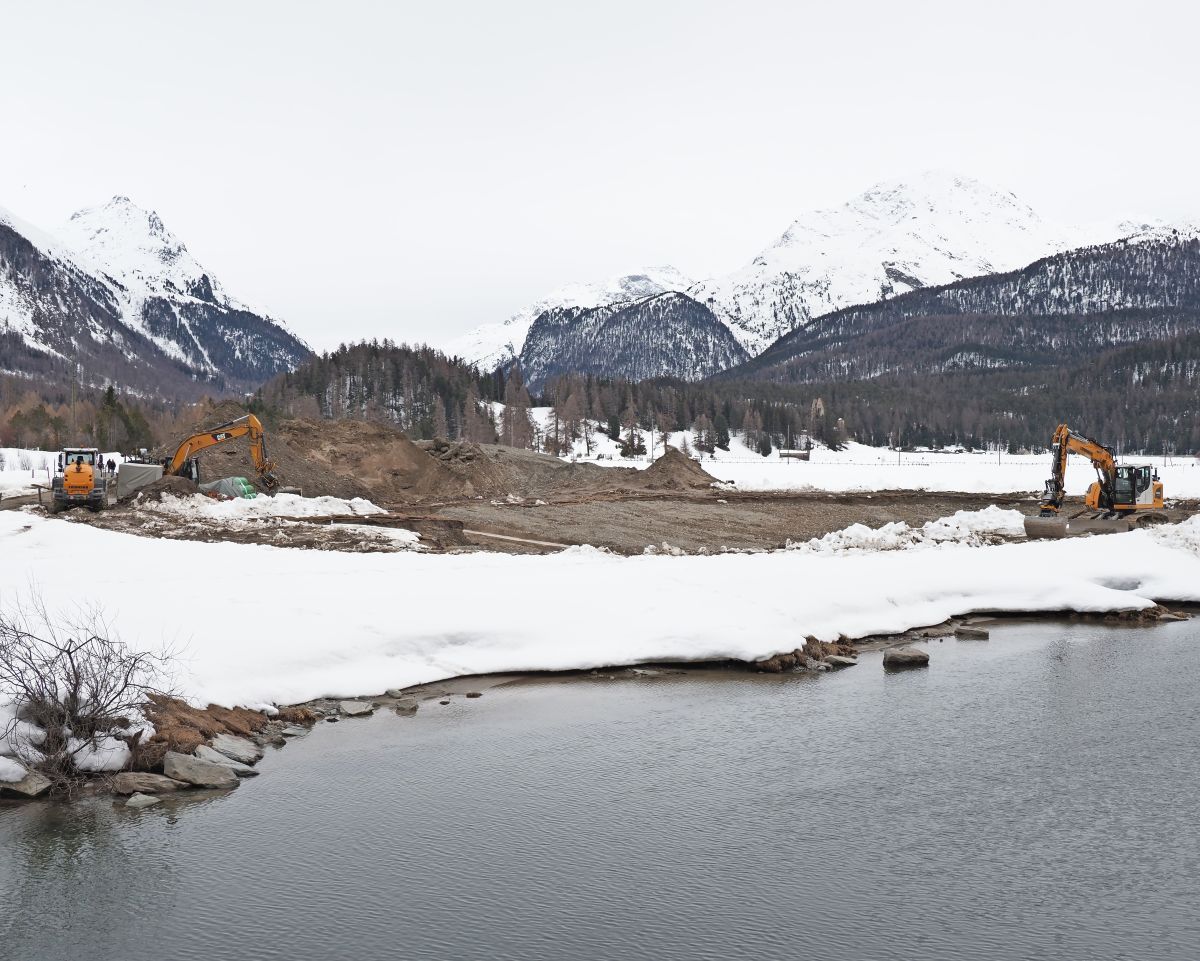 Die Arbeiten für die Inn- Revitalisierung in Celerina sind bereits wieder gestartet. Bei der Ochsenbrücke ist eine grosse Grube ausgehoben worden. Dort entsteht ein Biotop.
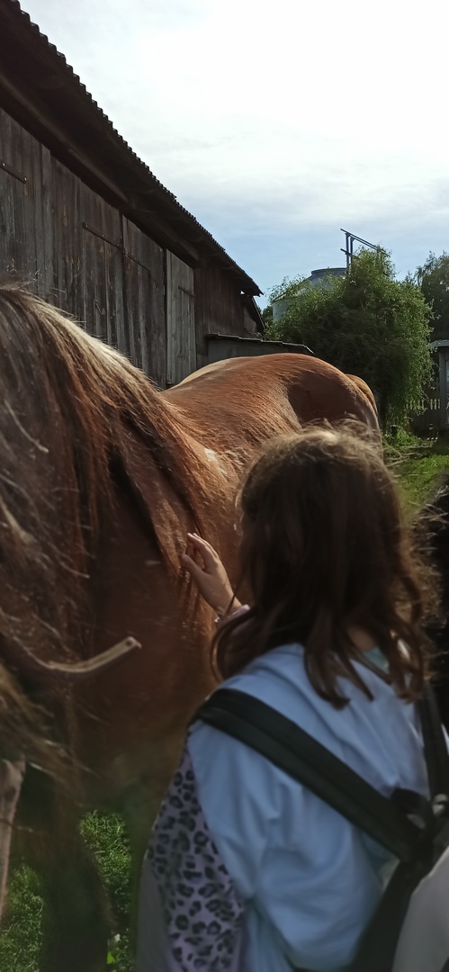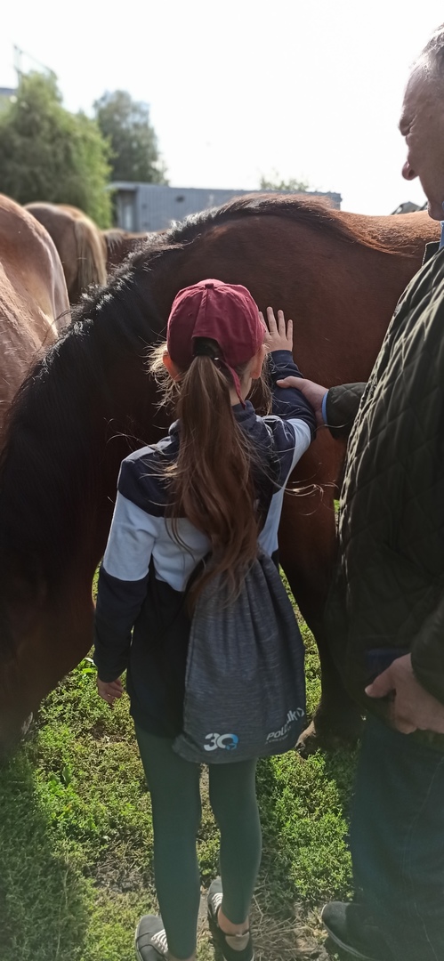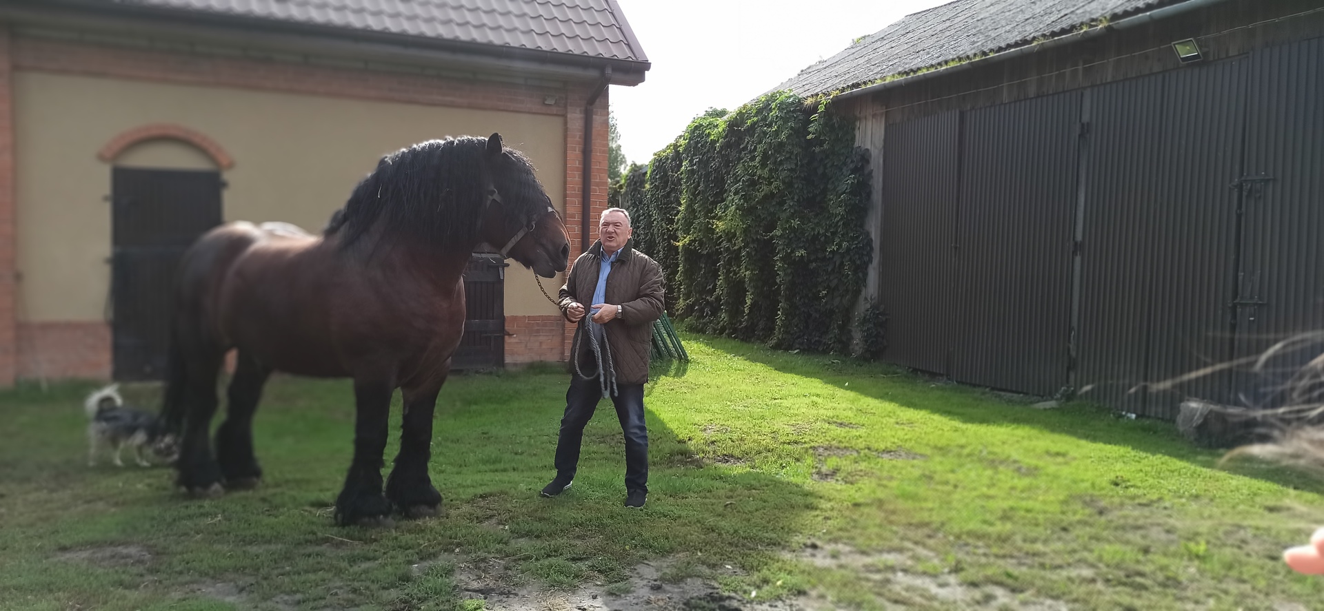 W Łuszczowie oglądaliśmy stadninę koni zimnokrwistych, dzięki życzliwości właściciela p. Ryszarda Pietrzaka. Konie, gdy tylko nas zobaczyły od razu podeszły do bramy i niektórzy „odważni” mogli je pogłaskać i przytulić się do wyjątkowo spokojnych i łagodnych koni.
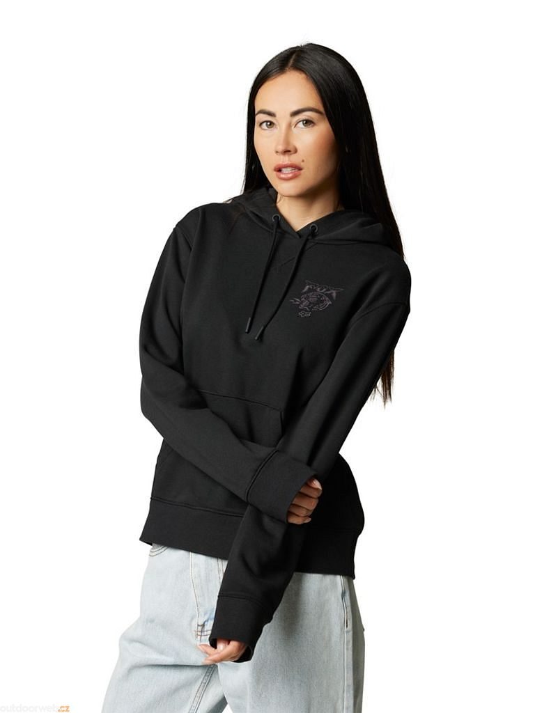 Dámská mikina Fox v rovném střihu v provedení přes hlavu s klasickou přední kapsou a kapucí. Potisk Fox na hrudi a zádech, stahování kapuce tkaničkou, žebrované úplety spodku a rukávů.

-.-.-

Leaving out all pictures, repeat word for word the lines from the one containing "W Łuszczowie oglądaliśmy" through the final line of the material above.

 W Łuszczowie oglądaliśmy stadninę koni zimnokrwistych, dzięki życzliwości właściciela p. Ryszarda Pietrzaka. Konie, gdy tylko nas zobaczyły od razu podeszły do bramy i niektórzy „odważni” mogli je pogłaskać i przytulić się do wyjątkowo spokojnych i łagodnych koni.
 Dámská mikina Fox v rovném střihu v provedení přes hlavu s klasickou přední kapsou a kapucí. Potisk Fox na hrudi a zádech, stahování kapuce tkaničkou, žebrované úplety spodku a rukávů.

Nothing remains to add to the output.